BEGIN Task data

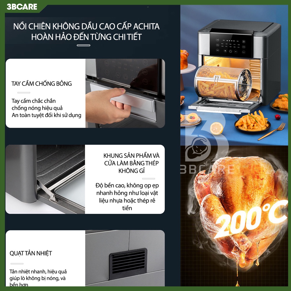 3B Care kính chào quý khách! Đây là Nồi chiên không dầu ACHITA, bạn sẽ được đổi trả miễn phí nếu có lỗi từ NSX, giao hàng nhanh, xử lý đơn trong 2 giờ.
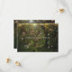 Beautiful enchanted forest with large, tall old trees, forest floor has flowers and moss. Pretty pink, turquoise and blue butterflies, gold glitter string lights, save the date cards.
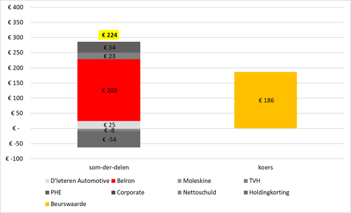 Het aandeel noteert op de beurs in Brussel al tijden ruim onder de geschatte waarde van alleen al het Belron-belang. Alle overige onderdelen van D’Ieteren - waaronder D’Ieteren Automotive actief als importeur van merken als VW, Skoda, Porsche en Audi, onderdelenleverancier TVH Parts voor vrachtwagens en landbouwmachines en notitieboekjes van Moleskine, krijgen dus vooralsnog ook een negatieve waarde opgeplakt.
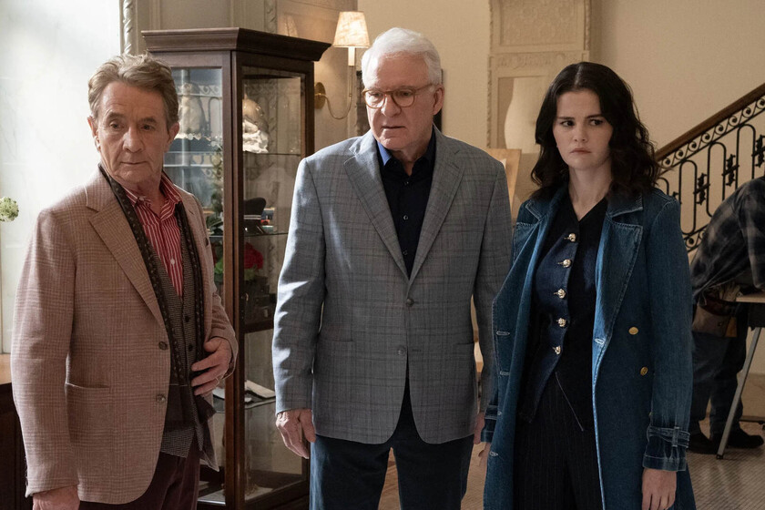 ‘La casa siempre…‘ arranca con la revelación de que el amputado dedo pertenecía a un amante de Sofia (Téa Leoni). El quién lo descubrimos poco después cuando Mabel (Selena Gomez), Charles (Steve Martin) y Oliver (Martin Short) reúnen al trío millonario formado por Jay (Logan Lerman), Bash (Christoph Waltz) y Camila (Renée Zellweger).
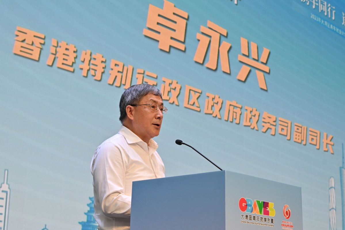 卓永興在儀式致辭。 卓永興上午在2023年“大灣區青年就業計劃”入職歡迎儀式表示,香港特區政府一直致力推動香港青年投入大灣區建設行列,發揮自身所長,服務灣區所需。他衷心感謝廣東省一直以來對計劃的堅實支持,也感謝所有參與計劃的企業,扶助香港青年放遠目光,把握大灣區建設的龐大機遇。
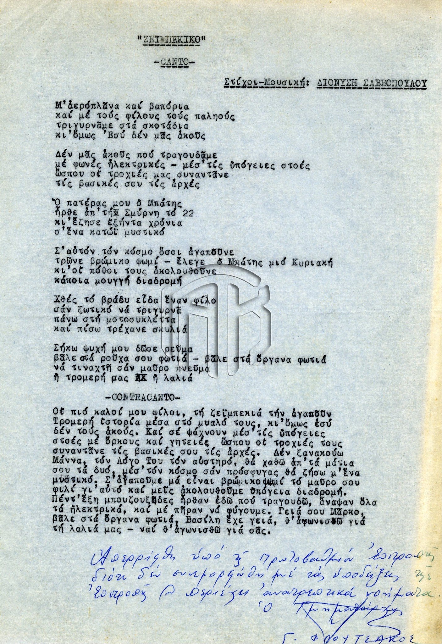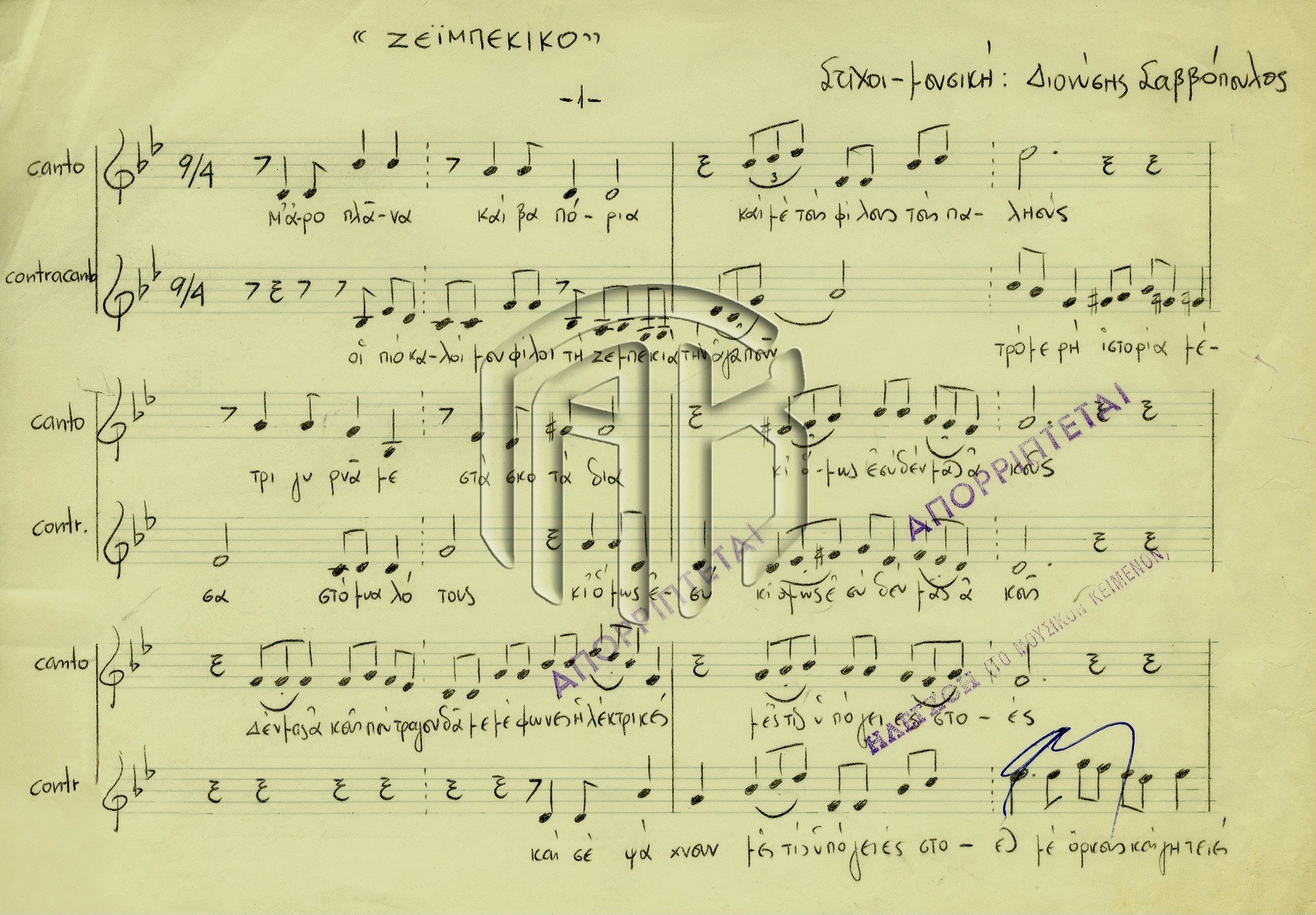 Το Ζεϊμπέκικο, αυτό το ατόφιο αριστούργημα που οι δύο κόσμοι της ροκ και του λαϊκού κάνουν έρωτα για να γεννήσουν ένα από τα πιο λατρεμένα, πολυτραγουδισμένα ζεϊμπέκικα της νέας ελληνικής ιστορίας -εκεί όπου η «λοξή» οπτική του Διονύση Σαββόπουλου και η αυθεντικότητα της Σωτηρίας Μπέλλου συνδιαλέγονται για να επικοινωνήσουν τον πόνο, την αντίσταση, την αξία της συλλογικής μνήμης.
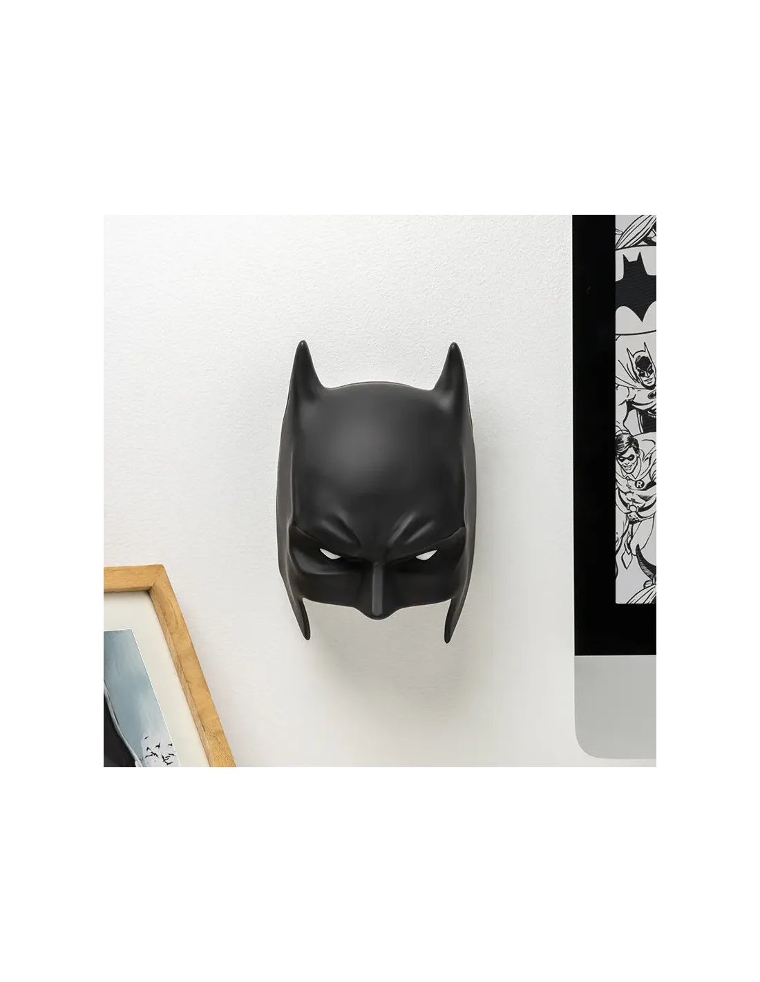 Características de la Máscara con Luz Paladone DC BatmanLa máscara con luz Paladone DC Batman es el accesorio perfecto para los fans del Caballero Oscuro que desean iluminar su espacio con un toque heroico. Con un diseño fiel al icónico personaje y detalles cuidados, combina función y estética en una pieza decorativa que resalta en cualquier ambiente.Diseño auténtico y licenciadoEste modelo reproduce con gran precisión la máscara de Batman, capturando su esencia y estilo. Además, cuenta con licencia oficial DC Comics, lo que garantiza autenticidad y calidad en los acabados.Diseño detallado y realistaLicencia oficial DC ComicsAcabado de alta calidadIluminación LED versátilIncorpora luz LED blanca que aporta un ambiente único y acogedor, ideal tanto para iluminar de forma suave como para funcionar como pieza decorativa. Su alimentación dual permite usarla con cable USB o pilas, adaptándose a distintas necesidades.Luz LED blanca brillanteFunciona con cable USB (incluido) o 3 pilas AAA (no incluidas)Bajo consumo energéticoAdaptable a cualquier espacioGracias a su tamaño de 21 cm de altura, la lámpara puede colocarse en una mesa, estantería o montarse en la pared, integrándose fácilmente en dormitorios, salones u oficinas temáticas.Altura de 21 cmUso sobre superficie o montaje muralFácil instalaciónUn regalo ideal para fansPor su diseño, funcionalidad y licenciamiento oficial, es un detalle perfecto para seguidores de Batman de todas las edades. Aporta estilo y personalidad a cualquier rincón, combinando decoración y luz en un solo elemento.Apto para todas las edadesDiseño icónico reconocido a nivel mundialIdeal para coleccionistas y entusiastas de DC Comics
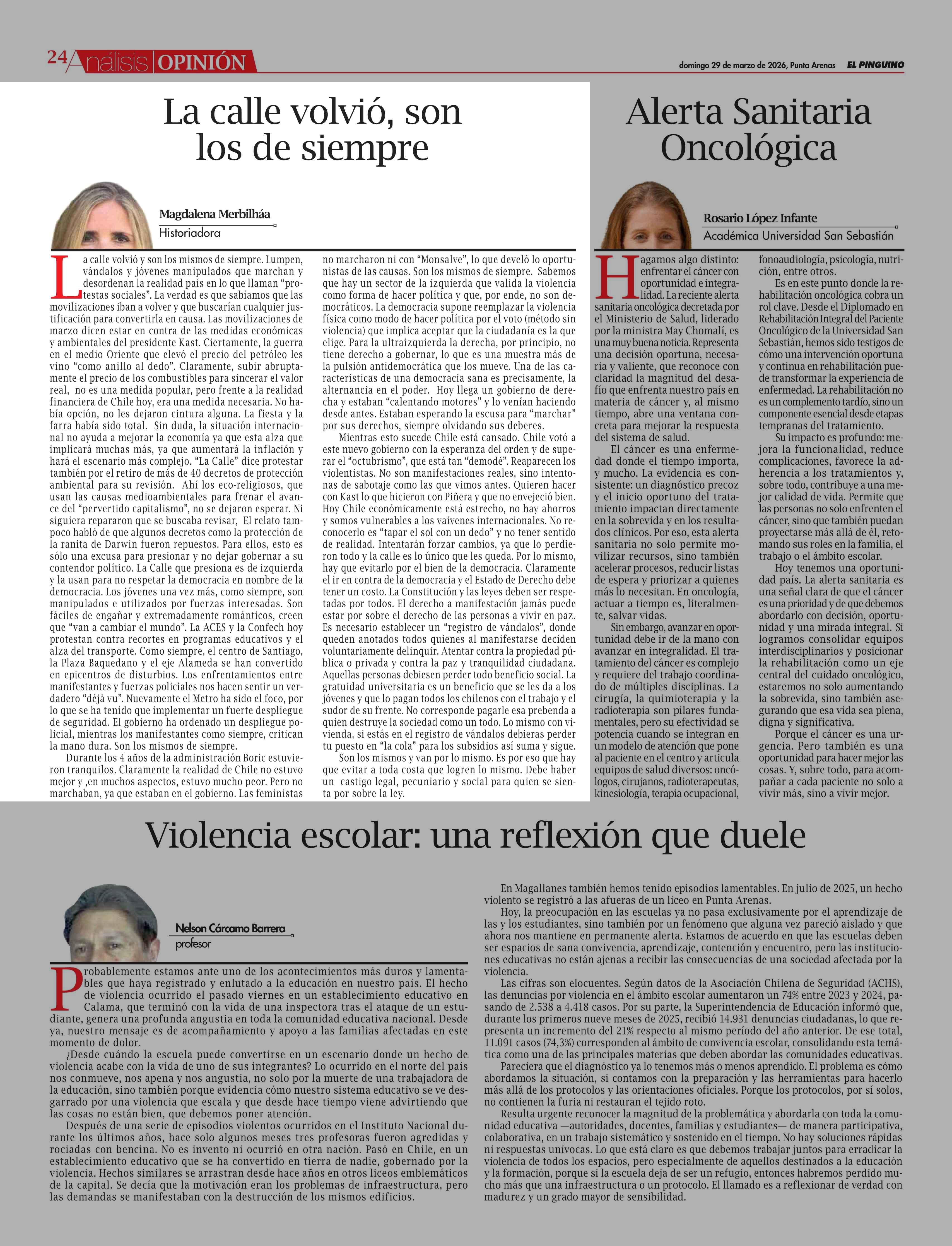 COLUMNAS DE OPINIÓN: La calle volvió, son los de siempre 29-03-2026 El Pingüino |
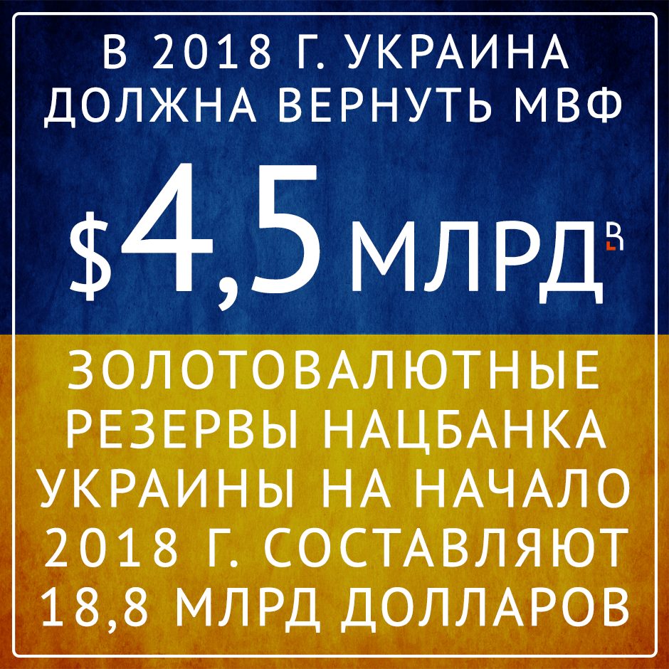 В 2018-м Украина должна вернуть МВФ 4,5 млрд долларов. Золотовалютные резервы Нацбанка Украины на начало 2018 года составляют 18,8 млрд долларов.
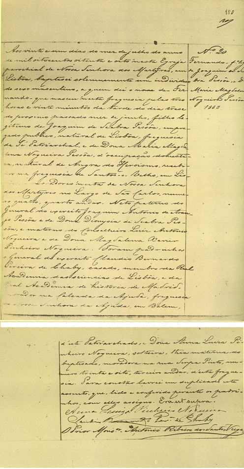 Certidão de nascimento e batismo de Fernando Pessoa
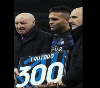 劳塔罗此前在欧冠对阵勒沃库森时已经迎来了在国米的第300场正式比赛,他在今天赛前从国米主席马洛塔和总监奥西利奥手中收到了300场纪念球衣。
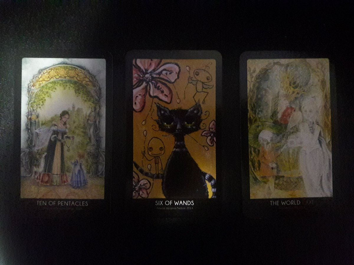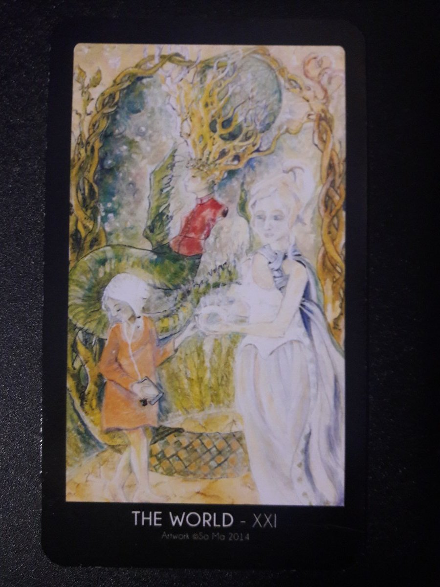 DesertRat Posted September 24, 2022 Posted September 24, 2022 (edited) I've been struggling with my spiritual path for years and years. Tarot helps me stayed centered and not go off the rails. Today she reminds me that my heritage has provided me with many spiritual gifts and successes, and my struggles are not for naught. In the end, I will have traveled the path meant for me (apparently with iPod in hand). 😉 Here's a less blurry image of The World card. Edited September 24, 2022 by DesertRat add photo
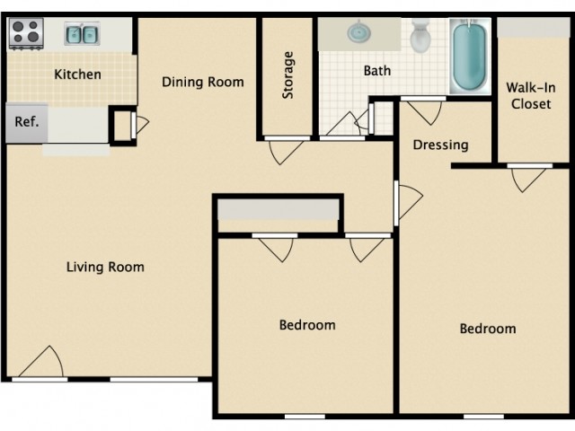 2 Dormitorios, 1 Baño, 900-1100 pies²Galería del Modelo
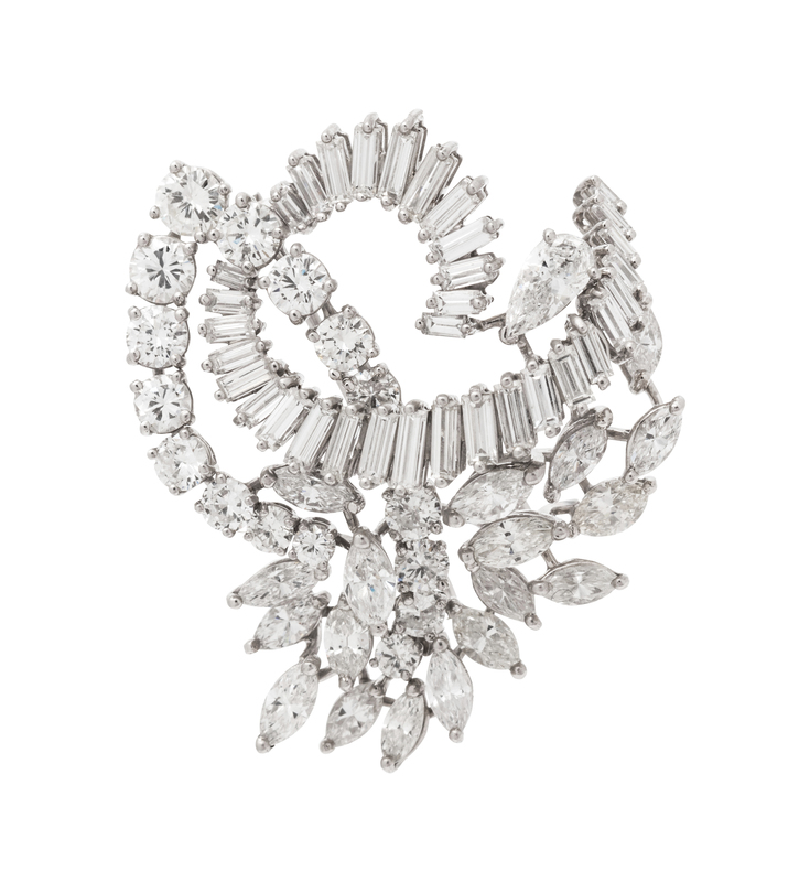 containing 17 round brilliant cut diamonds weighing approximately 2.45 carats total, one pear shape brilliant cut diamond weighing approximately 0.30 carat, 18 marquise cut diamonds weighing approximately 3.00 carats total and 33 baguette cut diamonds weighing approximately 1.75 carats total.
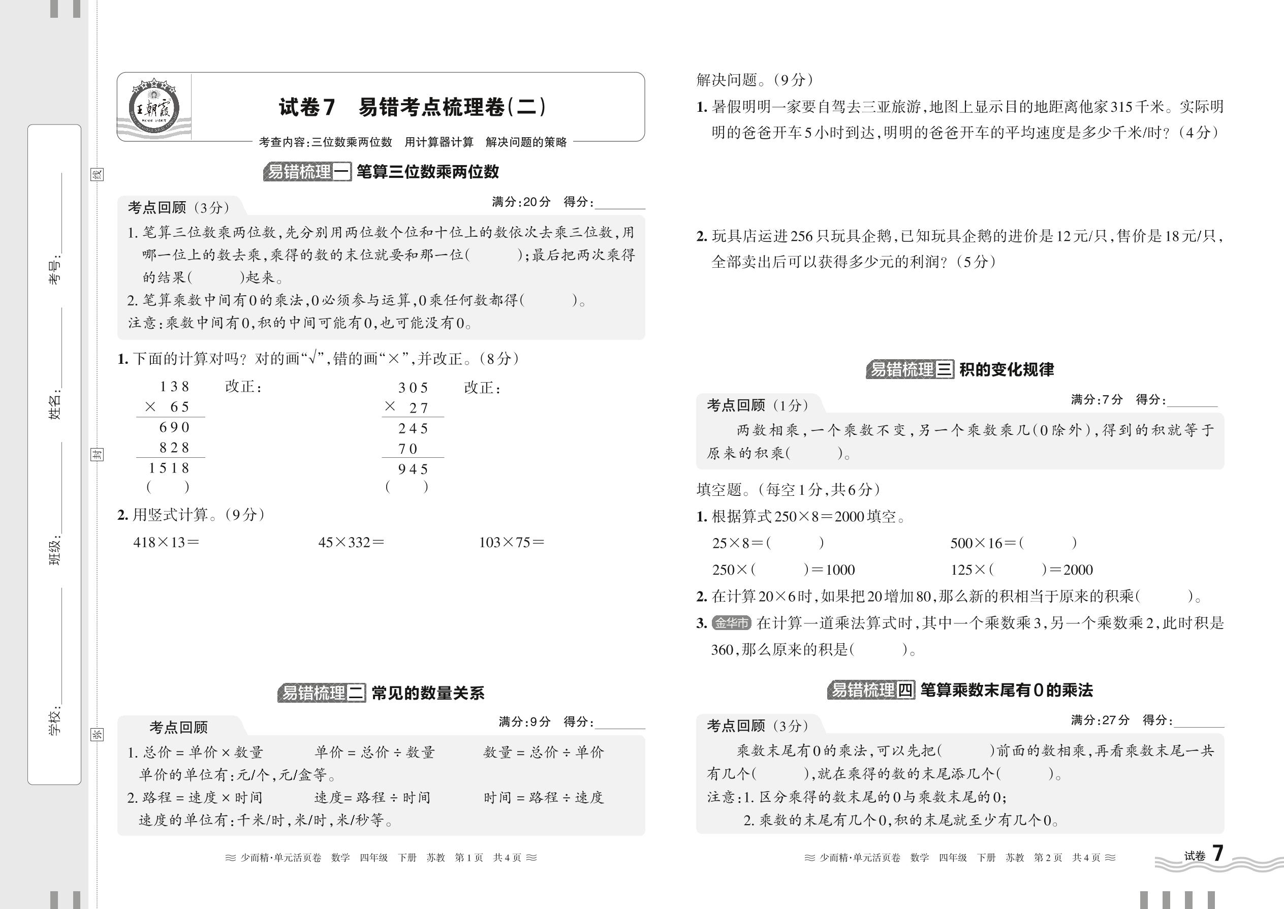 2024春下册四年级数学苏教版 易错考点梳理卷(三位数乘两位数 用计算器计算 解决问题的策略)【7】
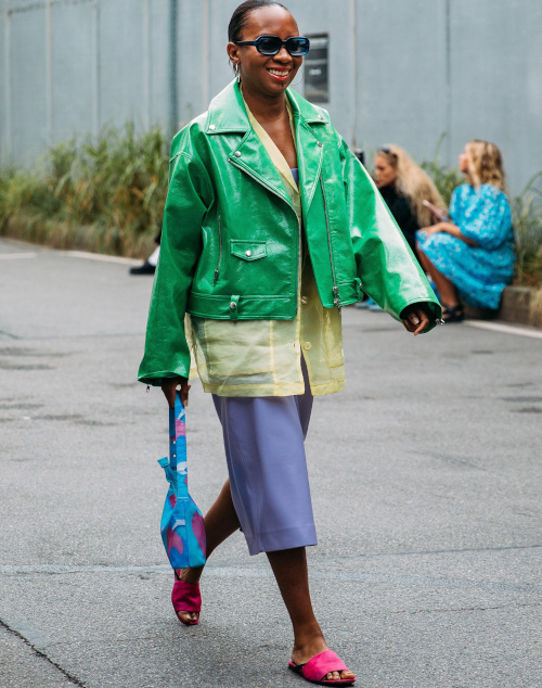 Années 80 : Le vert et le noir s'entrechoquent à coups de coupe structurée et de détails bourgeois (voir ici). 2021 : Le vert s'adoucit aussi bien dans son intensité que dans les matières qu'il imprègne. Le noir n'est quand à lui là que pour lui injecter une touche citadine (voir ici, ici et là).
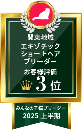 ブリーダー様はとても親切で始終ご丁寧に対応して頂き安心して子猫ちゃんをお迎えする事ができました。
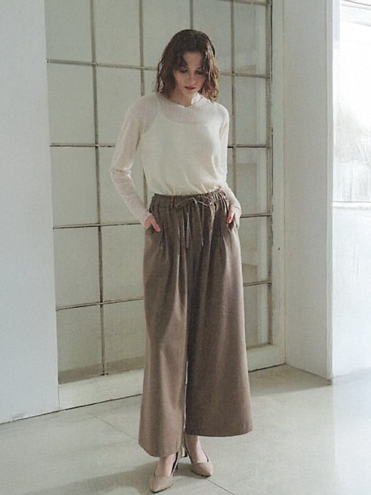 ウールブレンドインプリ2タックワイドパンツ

END Task data

Work instructions: Starting with the first line of the data above, write out each line exactly up to and including the line that holds "Beautiful enchanted forest". Pictures stay out.

Output of the task:
 3B Care kính chào quý khách! Đây là Nồi chiên không dầu ACHITA, bạn sẽ được đổi trả miễn phí nếu có lỗi từ NSX, giao hàng nhanh, xử lý đơn trong 2 giờ.
 Beautiful enchanted forest with large, tall old trees, forest floor has flowers and moss. Pretty pink, turquoise and blue butterflies, gold glitter string lights, save the date cards.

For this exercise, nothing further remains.